MOFA spokesman Jeff Liu (劉永健) on Monday defended the government's handling of the MOU, saying that the ministry announced some of its content in December, but kept other portions secret due to the risk of such deals facing "obstruction" or "sabotage" -- presumably referring to China.

Tuesday's legal proceedings were initiated after the lawmaker presented a copy of the confidential MOU during a Sunday press event.

The lawmaker revealed that Taiwan agreed to provide a US$10 million donation to rebuild Ukraine's medical capacity through an organization called the Czech Health Technology Institute (CHTI), with the condition that 30-40 percent of the funds be used to purchase medical supplies from Taiwan.

The KMT member cited concerns over the potential misuse of taxpayers' money and raised alarm over MOFA potentially choosing which Taiwanese companies would be involved in the project.

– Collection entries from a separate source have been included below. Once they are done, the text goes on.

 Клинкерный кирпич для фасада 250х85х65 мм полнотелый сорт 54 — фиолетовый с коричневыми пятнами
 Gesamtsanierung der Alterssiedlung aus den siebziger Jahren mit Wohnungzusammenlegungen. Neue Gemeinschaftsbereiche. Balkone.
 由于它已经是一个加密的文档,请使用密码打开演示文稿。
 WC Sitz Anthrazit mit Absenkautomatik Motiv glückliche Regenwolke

Kuomintang Legislator Hsu Chiao-hsin. CNA file photo
Kuomintang Legislator Hsu Chiao-hsin. CNA file photo

MOFA has since dismissed Hsu Chiao-hsin's claims as groundless, stressing the transparency of the cooperation.

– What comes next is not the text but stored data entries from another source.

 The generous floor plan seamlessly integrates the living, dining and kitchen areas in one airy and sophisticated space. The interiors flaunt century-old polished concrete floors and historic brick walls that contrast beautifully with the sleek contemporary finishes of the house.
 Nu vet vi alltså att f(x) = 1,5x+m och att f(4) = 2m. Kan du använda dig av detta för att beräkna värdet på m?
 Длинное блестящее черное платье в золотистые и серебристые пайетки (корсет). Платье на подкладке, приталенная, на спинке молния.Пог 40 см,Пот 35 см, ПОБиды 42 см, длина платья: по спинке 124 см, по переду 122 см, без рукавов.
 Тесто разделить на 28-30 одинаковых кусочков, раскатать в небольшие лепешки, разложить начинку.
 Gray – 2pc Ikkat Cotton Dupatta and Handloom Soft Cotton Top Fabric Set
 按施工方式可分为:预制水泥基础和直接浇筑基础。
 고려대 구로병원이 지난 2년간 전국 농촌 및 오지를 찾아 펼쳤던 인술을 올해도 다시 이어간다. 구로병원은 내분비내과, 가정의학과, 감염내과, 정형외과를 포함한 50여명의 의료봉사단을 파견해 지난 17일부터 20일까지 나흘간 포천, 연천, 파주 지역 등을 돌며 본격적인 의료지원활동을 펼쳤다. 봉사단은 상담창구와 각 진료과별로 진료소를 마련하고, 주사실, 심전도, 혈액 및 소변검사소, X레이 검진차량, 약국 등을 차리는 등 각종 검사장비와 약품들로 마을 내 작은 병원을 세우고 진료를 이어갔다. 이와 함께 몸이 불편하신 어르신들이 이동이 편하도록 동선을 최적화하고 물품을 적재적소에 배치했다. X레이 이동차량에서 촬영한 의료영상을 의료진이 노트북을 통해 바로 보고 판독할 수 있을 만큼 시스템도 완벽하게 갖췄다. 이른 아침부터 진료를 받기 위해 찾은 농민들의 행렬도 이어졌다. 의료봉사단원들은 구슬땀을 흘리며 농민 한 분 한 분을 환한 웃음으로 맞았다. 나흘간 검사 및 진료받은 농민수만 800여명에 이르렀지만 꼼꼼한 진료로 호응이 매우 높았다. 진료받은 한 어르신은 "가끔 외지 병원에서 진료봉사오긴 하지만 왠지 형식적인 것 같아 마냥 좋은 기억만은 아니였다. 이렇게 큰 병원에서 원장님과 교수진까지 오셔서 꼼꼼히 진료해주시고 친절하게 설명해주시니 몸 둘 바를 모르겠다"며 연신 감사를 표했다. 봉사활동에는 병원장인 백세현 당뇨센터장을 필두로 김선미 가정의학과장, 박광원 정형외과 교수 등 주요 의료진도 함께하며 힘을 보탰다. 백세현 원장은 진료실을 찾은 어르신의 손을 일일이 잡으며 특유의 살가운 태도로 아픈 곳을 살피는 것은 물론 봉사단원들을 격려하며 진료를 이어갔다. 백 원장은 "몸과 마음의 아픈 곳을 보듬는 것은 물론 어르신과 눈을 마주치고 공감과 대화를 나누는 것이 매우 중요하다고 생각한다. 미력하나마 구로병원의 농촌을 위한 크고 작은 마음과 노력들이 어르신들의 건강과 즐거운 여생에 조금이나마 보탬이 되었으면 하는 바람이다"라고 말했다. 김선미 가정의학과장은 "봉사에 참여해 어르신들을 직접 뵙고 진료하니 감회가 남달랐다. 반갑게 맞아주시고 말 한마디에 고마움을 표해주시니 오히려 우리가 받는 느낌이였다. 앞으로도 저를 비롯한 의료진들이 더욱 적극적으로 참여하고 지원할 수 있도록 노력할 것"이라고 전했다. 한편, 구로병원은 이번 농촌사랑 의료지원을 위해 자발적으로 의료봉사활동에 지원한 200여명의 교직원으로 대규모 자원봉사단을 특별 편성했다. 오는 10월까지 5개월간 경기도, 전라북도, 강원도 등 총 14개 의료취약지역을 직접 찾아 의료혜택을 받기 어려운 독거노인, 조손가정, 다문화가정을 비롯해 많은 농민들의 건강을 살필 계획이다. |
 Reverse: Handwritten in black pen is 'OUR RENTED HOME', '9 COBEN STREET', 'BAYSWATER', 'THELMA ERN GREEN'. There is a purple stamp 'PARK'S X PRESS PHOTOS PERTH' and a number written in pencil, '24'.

In a Facebook post late Monday, Hsu criticized MOFA and other government departments for regularly misusing confidentiality to avoid public scrutiny.

As an opposition lawmaker, she said it is her job to monitor how the government spends money and ensure public funds are not misused. She added that she will continue doing her job despite MOFA's legal proceedings against her.

Hsu also argued that when she made the details of the MOU public, she covered some parts of it to make sure no confidential information was released.

On Monday, the fringe pro-Taiwan independence Taiwan Statebuilding Party also filed a report with prosecutors, accusing Hsu of leaking the confidential document by allowing the sensitive document to be photographed by the media.

Foreign Minister Joseph Wu (吳釗燮) said the same day that the ministry was preparing to take legal proceedings against the KMT lawmaker.